Chemical engineering professor Daniel Lacks and assistant professor of classics Paul Iversen will lead the March 1 UCITE on international learning experiences for students.
Lacks and Iversen both have used UCITE’s Nord grants to provide opportunities for Case Western Reserve University students to have enriching international learning experiences.
Lacks will describe how he used his grant to partially fund the development of programs that in 2011 took 21 engineering students to the University of Botswana for an intensive core course that intertwined engineering content with regional issues specific to sub-Saharan Africa; took three students to Botswana and five students to Senegal as part of their capstone design projects for chemical engineering students; and enabled a sabbatical visitor from the University of Botswana to co-teach a SAGES seminar here on “Education in Sub-Saharan Africa.”

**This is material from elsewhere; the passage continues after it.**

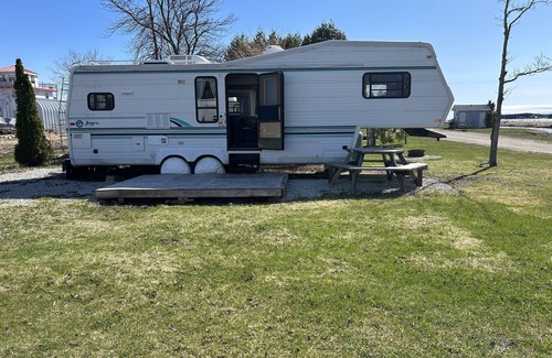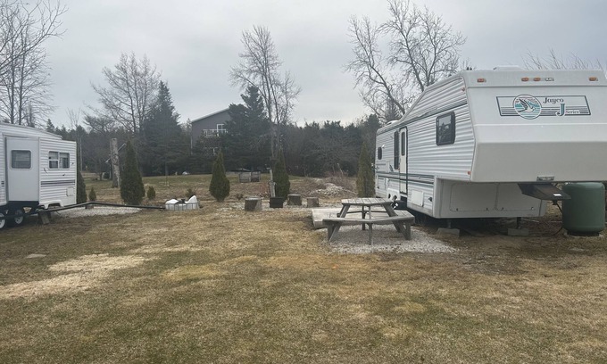 Sun Daze site has one Queen Bed and a pullout couch as well as the dining table can convert as well. Equipped with a full kitchen and dining. 4 piece bathroom. Fishing and docking during your stay are right at your doorstep. Enjoy this quaint site and the beautiful sunsets. The view is amazing.

Iversen will discuss how, as part of his “Landscape Archaeology and Epigraphy” course, he and his students spent five weeks in the summer of 2010 on site in the region of Isparta, Turkey. There, they learned the mechanics, methodologies and theory of intensive landscape archaeology and epigraphy, how to read and understand cultural landscapes as well as complex written materials (both modern and historic), to hone research skills and methods and much more.
Incidentally, they are collaborating on a capstone design project for five engineering students in which they recreate a working prototype of the “Antikythera Mechanism,” an ancient Greek computing device. Fragments of the device were found in a shipwreck about 100 years ago, and a multinational team of researchers (including Iversen) has been investigating its purpose and operation through a combination of scientific methods and a deciphering of the Greek inscriptions.
The discussion will be held March 1 from noon to 1 p.m. in the Herrick Room on the ground floor of the Allen Memorial Library Building.